Monday, January 9, 2017

Lansing-NESCA Plan meets Tuesday on State Hospital North Campus

Tomorrow, Tuesday the 10th, the Lansing-NESCA neighborhood plan, "Envision," is meeting to discuss the North Campus of the State Hospital.

Meeting Flier for January 10th on the State Hospital
On the one hand, this is yet another "meeting" in a series of them that has never quite seemed to blossom into real collaboration and action on the North Campus. More often it has seemed like they were merely platforms for the State to say "here's what we're gonna do," especially as the neighborhood has seemed mostly to want more single-family dwellings and parky nothingness. The City would like a larger property tax base for it, and the State simply wants to unload and monetize it. Getting everybody's interests to align more or less has been a challenge.

But on the other hand, things have not yet proceeded so far that course-corrections are not possible. So each meeting still has "opportunity," even if that opportunity seems more slender than folks might like.

By now you will have heard of the plan to renovate Yaquina Hall for some affordable housing. The City is purchasing it and plans to create 50 1-bedroom apartments ranging from 420 - 650 SF in size. The latest published budget for this has a total cost of about $9.8 million and $195,000 per unit.
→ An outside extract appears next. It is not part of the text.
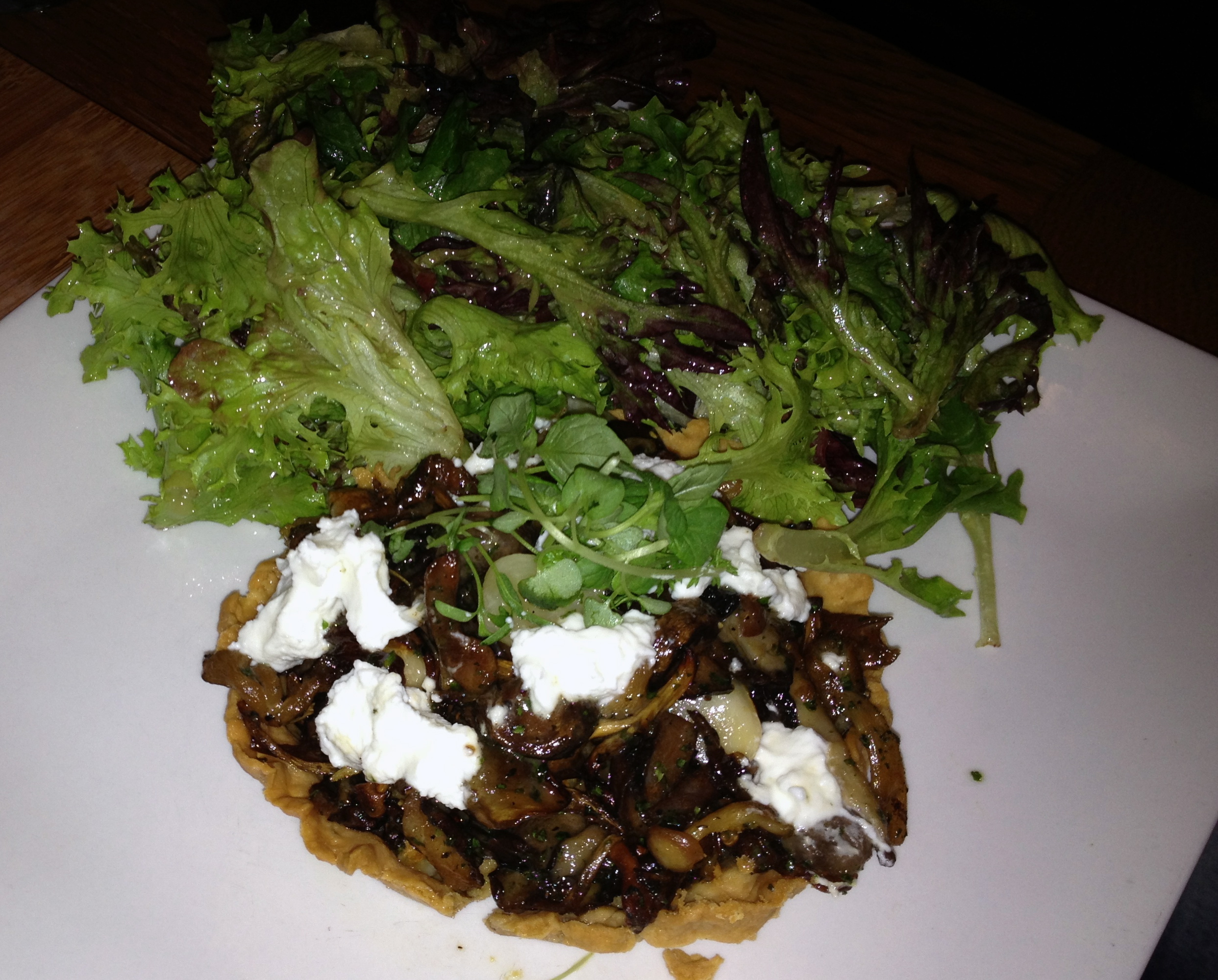 Diane gets the mushroom tart and we all taste it. There’s goat cheese in there with the ‘shrooms. It’s really good and perhaps the best dish of the three ordered.

Yaquina Hall, 1946 - to be affordable housing
Let's do a back-of-the-envelope comparison to another project going on right now.

245 Court, December 2016 - via CB|Two
The project at 245 Court Street is will have 40 for-rent residential units, and 2,180 square feet of ground floor commercial space. It has a current estimate of $9 million. If we ignore the retail space, that's about $225,000 per unit (if you subtracted the retail component, the per-unit price would be even less.)

What I want to focus on here is not the detail about exact per square foot costs or quality of finishes or anything. I just want a crude order-of-magnitude comparison.

And what you see is that the cost to rehab Yaquina Hall is not all that different from the cost of new construction.

If we assume that Yaquina Hall was in significantly better shape than the other buildings on the North Campus, especially with regard to things like asbestos remediation and other legitimate environmental safety things, it is far from obvious that saving those other buildings was ever going to yield meaningful savings. The opposite, in fact, seems more likely, that trying to rehab most or all of those buildings was going to be a debilitating money pit.

Reusing all those buildings sounds like a great and thrifty idea, but given the abatement and mitigation work that would be required, new construction is not obviously more expensive.

That's a sad conclusion, but the most reasonable one given public information at the moment.

Dome Building in the fall - still to be saved
Saving Yaquina Hall and the Dome Building is a reasonable compromise that honors the history and positions the land for a vibrant redevelopment.

At the Lansing-NESCA meeting, there should also probably be more talk about how the development here fits with city and regional priorities and values, and is not only a small, local neighborhood matter.

Community Priorities Survey
part of the Strategic Planning Process
But it's not difficult to understand worries about making the development into a giant parking lot studded with three-story particle board walkup apartment blocks. That's the path the proposal for the Rose Garden/Epping parcel on Portland Road is heading down, and I'm not sure that project is being positioned for long-term health, success, and neighborhood vitality.

Site Plan concept for 3350 Portland Road
180 units of affordable housing
(and lots of parking)
While some of the neighborhood concerns for the State Hospital parcel seem wrong or overblown, especially in light of the site's citywide significance, other concerns still seem reasonable. The fiasco at the Blind School, and the snail's pace out at Fairview both should more explicitly inform this project, and it doesn't seem that the City has ever published any sort of "lessons learned" on those projects, and attempted to use the struggles there to inform a better way here. That seems like an important feedback loop!

January 2014
At this point, though, there doesn't seem to be much new to say, so here are some previous discussions you might not have seen or might feel like revisiting.
The meeting will be 6:30 p.m. Tuesday the 10th at Salem First Church of the Nazarene, which is located at 1550 Market Street NE.